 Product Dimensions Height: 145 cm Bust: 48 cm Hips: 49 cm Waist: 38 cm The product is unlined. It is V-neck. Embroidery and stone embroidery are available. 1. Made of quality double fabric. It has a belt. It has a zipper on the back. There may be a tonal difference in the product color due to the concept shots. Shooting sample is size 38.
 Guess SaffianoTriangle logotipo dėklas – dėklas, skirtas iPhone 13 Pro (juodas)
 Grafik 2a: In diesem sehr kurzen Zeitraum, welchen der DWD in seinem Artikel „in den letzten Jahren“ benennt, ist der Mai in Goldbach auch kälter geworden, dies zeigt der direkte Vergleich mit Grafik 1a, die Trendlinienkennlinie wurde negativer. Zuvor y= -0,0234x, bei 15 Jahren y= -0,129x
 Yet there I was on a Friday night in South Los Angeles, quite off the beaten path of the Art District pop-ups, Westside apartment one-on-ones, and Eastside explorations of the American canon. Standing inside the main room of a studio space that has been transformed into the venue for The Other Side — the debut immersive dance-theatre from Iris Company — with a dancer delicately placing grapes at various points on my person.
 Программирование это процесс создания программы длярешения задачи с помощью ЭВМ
------------------------------------
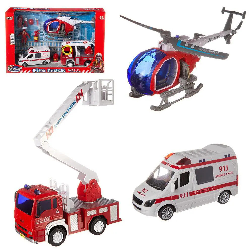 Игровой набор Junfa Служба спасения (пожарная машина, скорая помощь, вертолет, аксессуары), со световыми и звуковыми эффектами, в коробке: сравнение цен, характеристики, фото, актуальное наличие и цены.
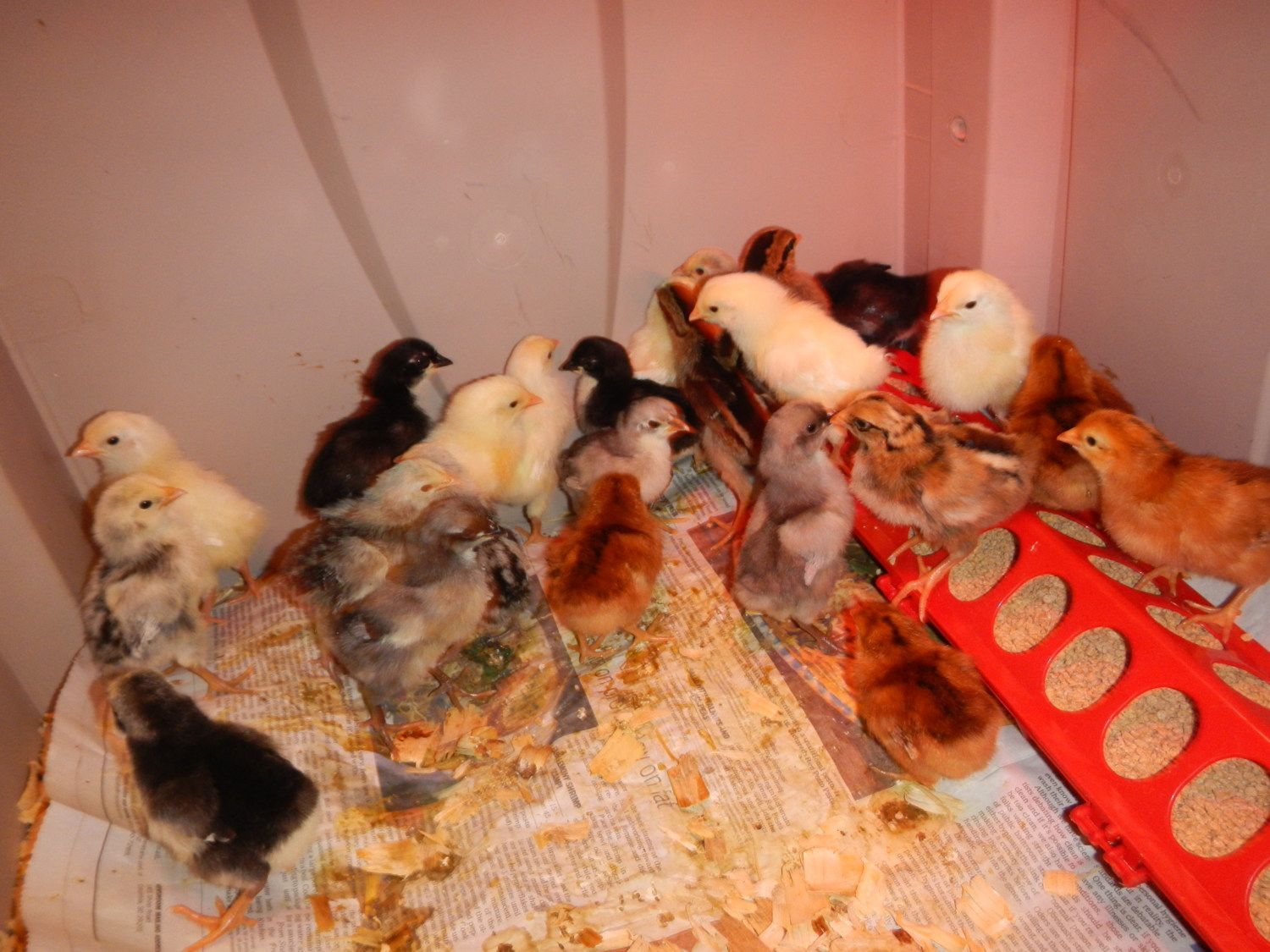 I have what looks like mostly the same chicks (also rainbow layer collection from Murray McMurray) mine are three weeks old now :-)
------------------------------------
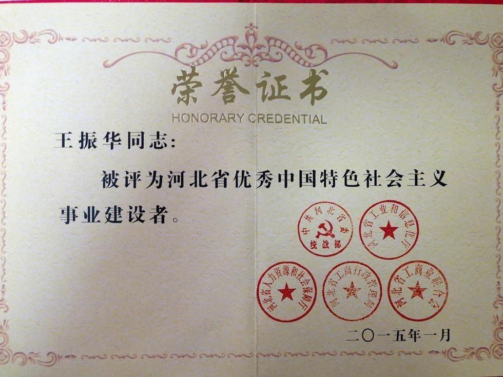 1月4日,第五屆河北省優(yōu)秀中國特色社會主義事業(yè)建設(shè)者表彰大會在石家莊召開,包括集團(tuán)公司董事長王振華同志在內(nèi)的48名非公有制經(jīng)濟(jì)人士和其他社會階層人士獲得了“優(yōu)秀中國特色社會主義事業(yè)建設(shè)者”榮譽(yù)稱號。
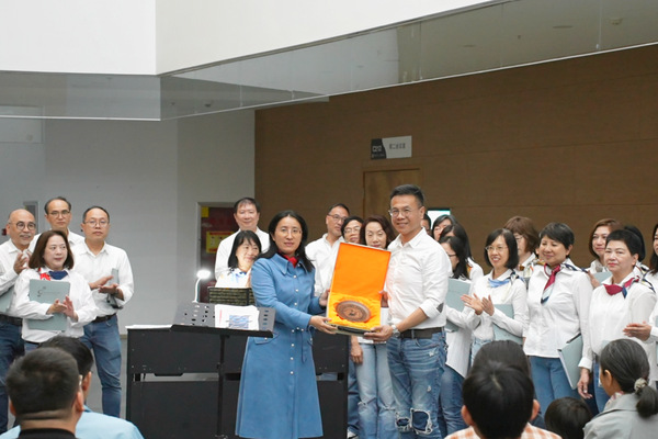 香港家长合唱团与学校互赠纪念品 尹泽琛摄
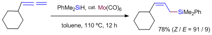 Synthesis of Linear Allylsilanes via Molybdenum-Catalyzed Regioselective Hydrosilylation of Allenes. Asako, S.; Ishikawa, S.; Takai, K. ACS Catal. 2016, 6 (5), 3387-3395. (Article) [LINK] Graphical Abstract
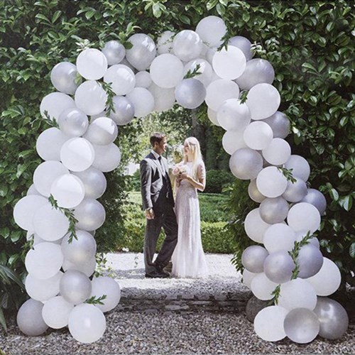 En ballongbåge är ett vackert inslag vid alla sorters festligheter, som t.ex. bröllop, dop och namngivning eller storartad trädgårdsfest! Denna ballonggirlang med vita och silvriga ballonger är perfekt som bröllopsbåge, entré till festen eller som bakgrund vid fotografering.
------------------------------------
Directions for this task: Above are the records; repeat exactly the lines from the one holding "Yet there I" down to the one holding "Программирование это процесс", end lines included.

Answer for the task:
 Yet there I was on a Friday night in South Los Angeles, quite off the beaten path of the Art District pop-ups, Westside apartment one-on-ones, and Eastside explorations of the American canon. Standing inside the main room of a studio space that has been transformed into the venue for The Other Side — the debut immersive dance-theatre from Iris Company — with a dancer delicately placing grapes at various points on my person.
 Программирование это процесс создания программы длярешения задачи с помощью ЭВМ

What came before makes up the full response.